乾燥が気になるこれからの季節、空調が効いたオフィスの中は特に空気が乾燥しやすい環境です。
オフィス内の温度や湿度は労働安全衛生法に基づく厚生労働省令として事務所衛生基準規則が定められており、室温は17度〜28度、湿度は40%〜70%になるように努めなければなりません。
乾燥対策としてオフィスだけでなく各家庭でも加湿器を置くのは当たり前となりつつありますが、加湿器が原因で引き起こしている病気があることをご存知でしょうか。
健康のために使っていたはずの加湿器が、健康に悪影響を与えていた……などということにならないためには一体どうしたらよいのでしょう。
加湿器病とは
「加湿器病」または「加湿器肺炎」。
専門用語では「過敏性肺臓炎」と呼ぶアレルギー性の肺の病気です。
加湿器から放出される細菌やカビなどの微生物を長期にわたって吸い込んだ場合に起こるアレルギー性の肺疾患です。
加湿器病の症状
風邪と似た症状で咳・発熱・悪寒・全身倦怠感などですが、アレルギー性の疾患であることから鼻水やくしゃみが同時に出る方もいるようです。

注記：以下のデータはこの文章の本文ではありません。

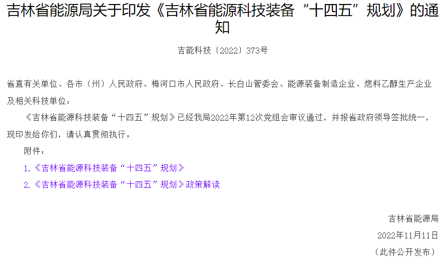 11月11日,吉林省能源局发布关于印发《吉林省能源科技装备“十四五”规划》的通知。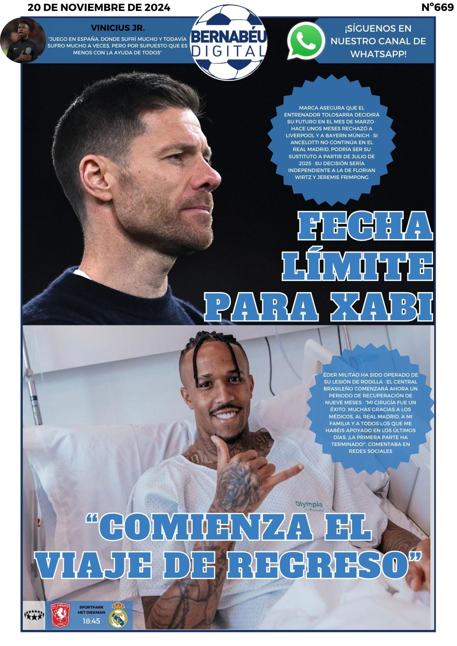 En Bernabéu Digital destacamos en nuestra portada a Xabi Alonso y a Éder Militao. El entrenador tolosarra decidirá su futuro en el mes de marzo según Marca. Si Carlo Ancelotti sale del Real Madrid, sería el gran candidato para reemplazar al italiano en el banquillo del Santiago Bernabéu. Por otro lado, Éder Militao ha sido operado de su lesión de rodilla e iniciará un periodo de nueve meses de baja. Su regreso a los terrenos de juego es el objetivo final de la segunda fase de su lesión tras la cirugía.

アレルギー反応が激しい場合には呼吸困難を起こすこともあります。
原因は水の継ぎ足しと掃除不足
水を継ぎ足し継ぎ足し使用することで、タンク中や本体の水に細菌、カビなどの微生物が繁殖しやすくなり、その微生物を食べるアメーバも繁殖し、これらの細菌が混ざった水が空気中にバラ撒かれることにより口や鼻から吸い込む事で加湿器病にかかります。

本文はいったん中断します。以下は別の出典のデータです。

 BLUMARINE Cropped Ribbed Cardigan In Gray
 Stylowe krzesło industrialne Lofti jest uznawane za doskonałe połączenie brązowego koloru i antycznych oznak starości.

特に超音波式の加湿器は、熱を加えず超音波による振動で水を放出するためタンク内の雑菌も一緒に放出してしまうので注意が必要です。
対処法
加湿器病を予防するのにもっとも大事なことは、こまめに掃除をすることです!
特にオフィスの加湿器の場合は、機械そのものが大きかったり、担当する人が決まっていなかったりという理由で、毎日掃除をすることが難しい……ということもあると思います。
しかし、雑菌やカビを吸っていると思えば、洗う頻度は増えるのではないでしょうか。
また、最近では加湿器用の除菌剤が販売されていますので、こうしたものを活用するのも便利だと思います。
洗剤などを用いた丁寧な掃除は、加湿器の種類にもよりますが、週に1回~月に1回程度当番制を導入するなど工夫するとよいでしょう。
こまめな掃除以外にも、使う度にきれいな水を入れる、使用後は中の水を捨てて乾燥させることも大切です。
浄水器の水と水道水はどちらがいいの?
きれいなお水と聞くと浄水器を通した水と思われるかもしれませんが、浄水器を通した水は、塩素など水道水をきれいに保つために配合されている成分が抜けてしまいます。
もちろん飲み水としては美味しいですが、加湿器などのタンクの中に貯めておく水としては好ましくありません。細菌やカビが繁殖しやすい水のため、雑菌を空気中にばら撒いてしまいます。
タンクの水は水道水を使い、継ぎ足しはせずに使い終わったら中の水は毎回捨てましょう。
加湿器の種類によって加湿器病にかかりやすい、かかりにくい等が変わってきますので、購入される際や今お持ちの加湿器に合ったお手入れをこまめに行うことで、健康的に寒い冬を乗り切りましょう。